When will you be ready?
Today, I fear death. I fear death because I may not see nor touch my love ones anymore once I’m gone. I fear death because I may not be able to do the things that I want to do. I fear death because I may not be given the chance to correct my mistakes. I fear death because I don’t want to die single; and yeah, I still want to have a boyfriend. I fear death because I don’t want to die now, not yet, I guess.
Anyway, the realization came to me when I was riding my way home. While sitting in a public utility vehicle, I was so tired that I closed my eyes to take a nap. So many things were running in my head that I was so busy visualizing my to-do-list when I get home. I tried to rest and relax myself a little bit to uplift my energy. A few moments later, when I stopped pondering on my worries in life, I tried to focus on the sounds around me. When I did, I heard lots of voices, some were happy, some were sad, some were weary; but what caught my attention was the sound of fear from the girl beside me who’s talking to a guy whom I think was her beau.
Then I focused my sense of hearing to that girl, in a low voice she said to her guy, “You know what babe, they gave me money and I thought it was for free. I didn’t expect that they’re going to ask something in return. They forced me to do it with a guy whom I do not know. I was so scared that they’d kill me at that time because I know what they can do.” seconds of silence, the girl continued. “ You know what babe, the guy f*u** me very hard. I was so scared I just cried. I tried to kick him. But there’s nothing I can do. I am no match to him.”
Incontrovertibly, the girl was really scared. Yet, there was no response from the guy, so I guess he just didn’t know how to react. Then, a few minutes later, I opened my eyes and tried my very best to look on the face of the girl without her knowing that I was examining her. Of course, I didn’t want to give her an idea that I heard what she said to her guy. Anyway, at that moment, I saw uneasiness in her eyes. Nevertheless, it was abrupt since her guy kissed her on her cheek, so the remorse on her face was replaced with contentment. With that, I closed my eyes again…

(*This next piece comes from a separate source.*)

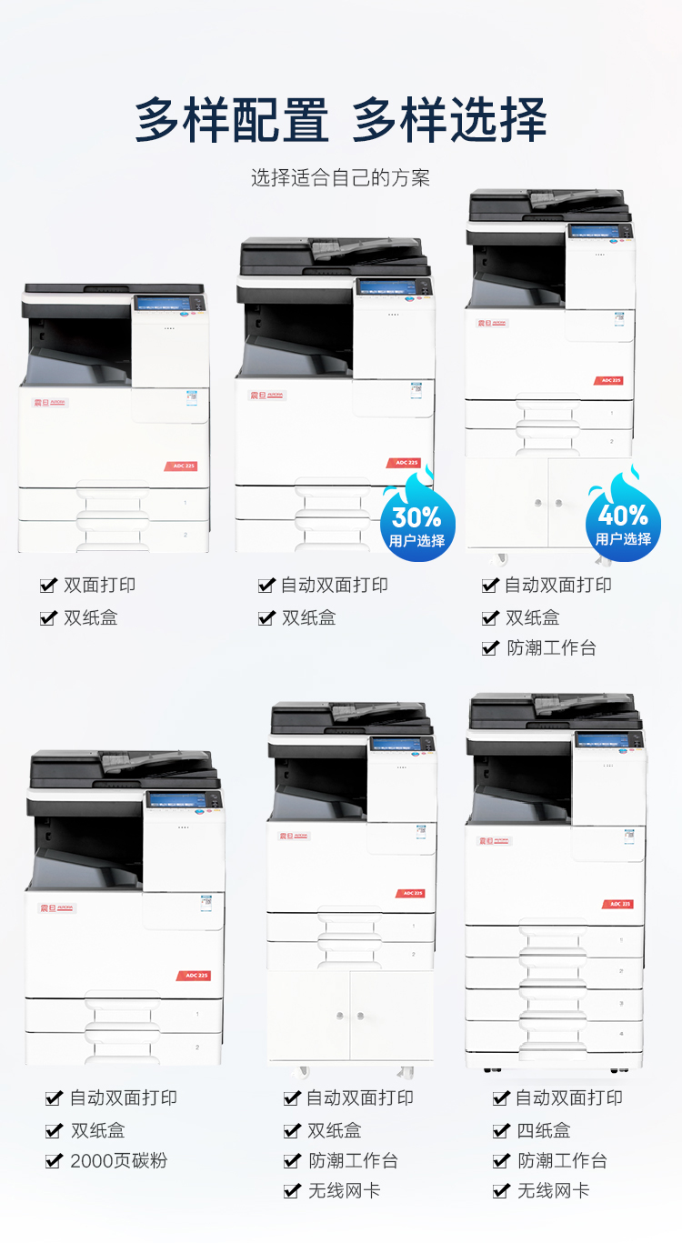 震旦(AURORA)ADC225 A3彩色多功能數(shù)碼復(fù)合機(jī)(含雙面自動(dòng)輸稿器+雙紙盒+網(wǎng)卡+工作臺(tái))免費(fèi)上門(mén)安裝售后 自營(yíng)

When my eyes were already closed, again I heard same kinds of voices. But my attention was caught by the happy sound of a family sitting in front of me. They were boasting some stuff they bought at the mall. They were mentioning shoe brands, clothing brands, food chains, etc. Maybe, they enjoyed their family bonding that much and was overwhelmed with what they’d purchased. Then, a little later, their conversation came up with a current incident that happened in their neighborhood. Wherein neighbor 1 was hacked with a bolo by neighbor 2. Tsk... scary. Thereafter, a guy threw a query, “When you see a person who just died in front of you, what will be the first thing that you will do?” A girl answered, “I will call the police.” the guy threw a question again, “Won’t you at least check the pulse first?” and I was surprised with the answer of the girl for her response was, ”Why would I do that when he’s already dead.”

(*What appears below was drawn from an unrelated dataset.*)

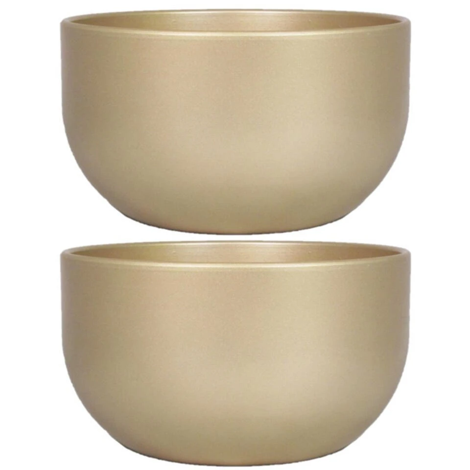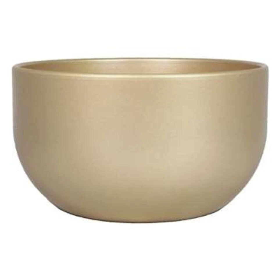 Bloempot/plantenpot schaal van keramiek in het parelgoud. Bloempotten met een mooie gladde afwerking aan de buitenkant. Gewicht: 1.94 kilo. Het keramiek heeft een coating zodat het geen water opzuigt. Formaat: diameter 26 cm, hoogte 14 cm. Model: Boule.

That’s way too frank, yet too apathetic. I mean, when a person whom you know dies in front of you, the first thing you can do is to confirm if the person is really dead, right? But forthrightly speaking, I too, would be scared and would probably just call the police instead of checking the dead person’s pulse then let them do the work. I mean, what’s the use of checking the pulse if that person is dead? Dead bodies do not have a pulse, right? Conflicting…Conflicting… Reasons…Reasons… But, Yes! I am scared of dead bodies; much more if it’s bathed with blood. By no means would I touch it. For real I can’t, even for a consideration of a million dollars, would not.
I, again, closed my eyes.
Afterwards, I heard vehicles' chorus of “beep-beeps” and the annoying sound of engines, or whatever it’s called on the streets. I was somewhat disgruntled for I hate how Mr. Driver drives, I could feel my head spinning.

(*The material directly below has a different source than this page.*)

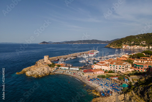 Aerial view of Marciana Marina with the harbour, Elba Island, Italy.

Suddenly, a grinding noise from the truck tires made me open my eyes. And a force from nowhere was like pushing me towards the girl beside me. Obviously, the driver brusquely stepped on the brakes. Tsk..I hate it when drivers do that. It’s very exasperating. As I turned to the window, I can see that the vehicle I’m riding almost rammed into another vehicle. Though there was no sense of fear in the air from the people around me (perhaps, they’re already used to such kind of occurrence), deep within my lonely heart augments fear. You know, I just bumped a car the other day and the clanging sound of metals was still fresh in my head. I was scared. It might be too shallow for a reason, but I was scared. I felt like I was going to die. Much more with the speed employed by the driver, it’s as if we were flying… I thought I was going to die. And, whenever I envisage how old the rusty public vehicle I was riding at that time, my worries about the dying thing proliferates even more. (hahaha).
Yes. Death scares me. Perhaps, it’s because I still want to do many things in my life. I don’t want to die without exploring the world. I am still molding myself to be the person I want to be. And, I am not yet the person that I envisioned myself to be, so I can’t die. Not yet.
But then, if death comes knocking into your door, there’s no way you can stop it. Death is inevitable. With that, I am frightened. Now, I can relate to the girl who’s sitting beside me. The fear on her face earlier seemed to have transferred to me at that time. I can picture the fear on her face the moment she was forced to do “that thing” with a guy she barely knew. And I felt it deep within me, too. Even more, the fear within me augmented when I thought of dying without anyone succoring for my demise. I mean, dying in a place wherein you are a stranger; I don’t think there would be someone who will care. Except for your family and friends, no one will care. You might become a headline on papers, but it’s just an ordinary news for others. Yet, they do not really care about your death. No one would truly and sincerely care.
Herewith, I declare that I don’t want to be uncared. I don’t want to be thrown out in oblivion. I don’t want to die. I fear death. Well, who doesn’t? Humans fear death. Unless, you’d already done your worldly tasks and the things you want to do in life will you accept death, right? On the other hand, will this be enough for you to be ready? Leastwise, When would be the time when you are brave enough to embrace death?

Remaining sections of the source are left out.